USDCAD sticks to gains above mid-1.3400s amid softer oil prices, modest USD strength
- USDCAD catches some bids on Wednesday and is supported by a combination of factors.
- Retreating oil prices undermines the Loonie and acts as a tailwind amid fresh USD buying.
- The recent breakdown below the 50-day SMA warrants some caution for bullish traders.
The USDCAD pair attracts some buying on Wednesday and builds on the previous day’s late rebound from its lowest level since September 21. The pair sticks to its gains above mid-1.3400s through the first half of the European session and is supported by a combination of factors.

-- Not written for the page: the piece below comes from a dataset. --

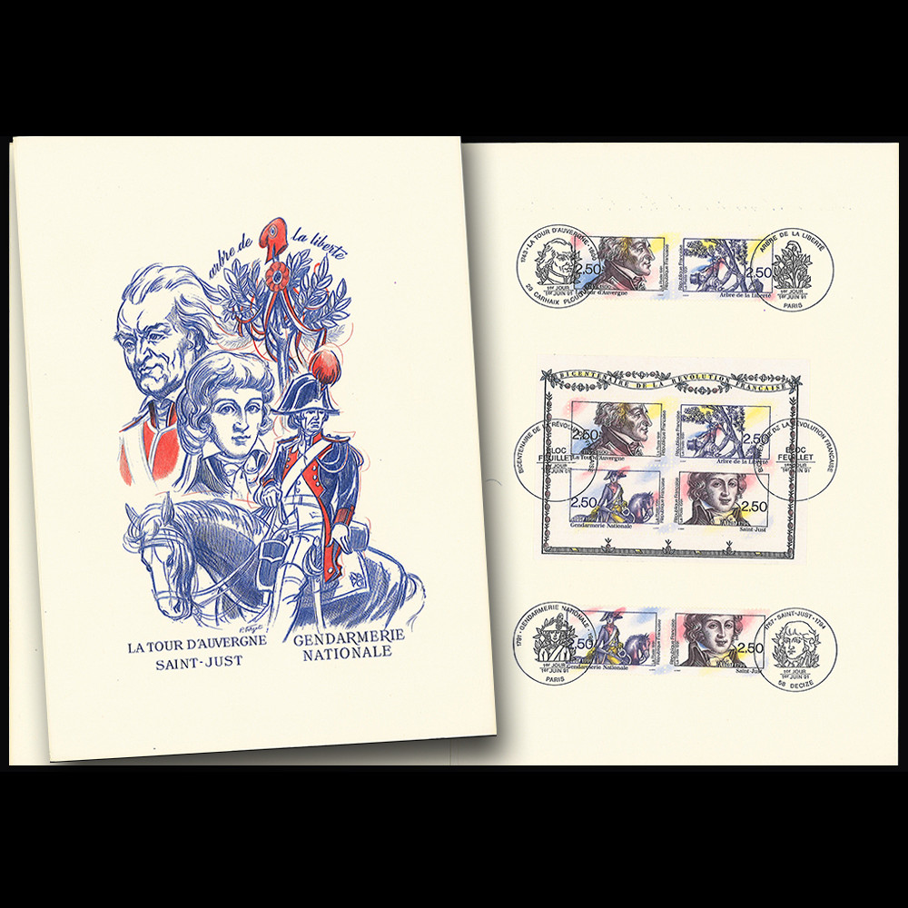 - BLOCK of 4 x 2.50F "La Tour d'Auvergne", "National Gendarmerie", "Tree of Liberty", "Saint Just" (Yvert Block No. 13) cancelled "Block First Day of Issue" 01.06.1991

Crude oil prices have added to the heavy overnight losses and are seen edging lower for the second straight day, which, in turn, is seen undermining the commodity-linked Loonie. Oil’s losses are put down to investors concerns that China’s zero-COVID policy could dent fuel demand in the world’s top crude importer. Furthermore, the American Petroleum Institute reported on Tuesday that US inventories grew by 5.6 million barrels in the week to November 4, further reflecting a drop in demand and continuing to weigh on the black liquid. This, along with the emergence of some buying around the US Dollar, acts as a tailwind for the USDCAD pair.
Despite diminishing odds for more aggressive policy tightening by the Fed, the markets are pricing in at least a 50 bps rate hike in December. This remains supportive of elevated US Treasury bond yields and offers some support to the greenback. Apart from this, a generally weaker tone around the equity markets assists the safe-haven buck to stall its recent downfall to a multi-week low. The upside potential for the USDCAD pair, however, seems limited amid the post-NFP breakdown below the 50-day Simple Moving Average (SMA) key pivotal support near the 1.3500 psychological mark.
From a technical perspective the outlook remains precarious. Tuesday say a break below the neckline of what looks like a head and shoulders topping pattern which has been forming since late September. Tuesday’s volatile breakdown reached a low in the 1.3380s before easing up. Wednesday’s activity has seen a recovery crawl higher as the US Dollar makes a comeback. Price has almost reached the neckline again in the upper 1.34s. The question is whether this is a throwback move for a final ‘air kiss’ goodbye and continuation lower or the breakdown was a bear trap?. A move back below Tuesday’s lows would confirm downside to targets substantially lower. Taking the height of the pattern as a guide suggests a target as low as 1.3030, whilst a more modest 61.8% extension target would see price fall to 1.3210. A move back above the neckline would reduce the probabilities of a breakdown. A break above 1.3750 negate them.
Market participants might wish to refrain from placing aggressive bets and prefer to move to the sidelines ahead of the release of the US consumer inflation figures on Thursday. Hence, it will be prudent to wait for strong follow-through buying before confirming a near-term bottom and positioning for any further gains. In the absence of any major market-moving economic releases from the US, speeches by New York Fed President John Williams and Richmond Fed President Thomas Barkin might provide some impetus to the USDCAD pair later during the early North American session.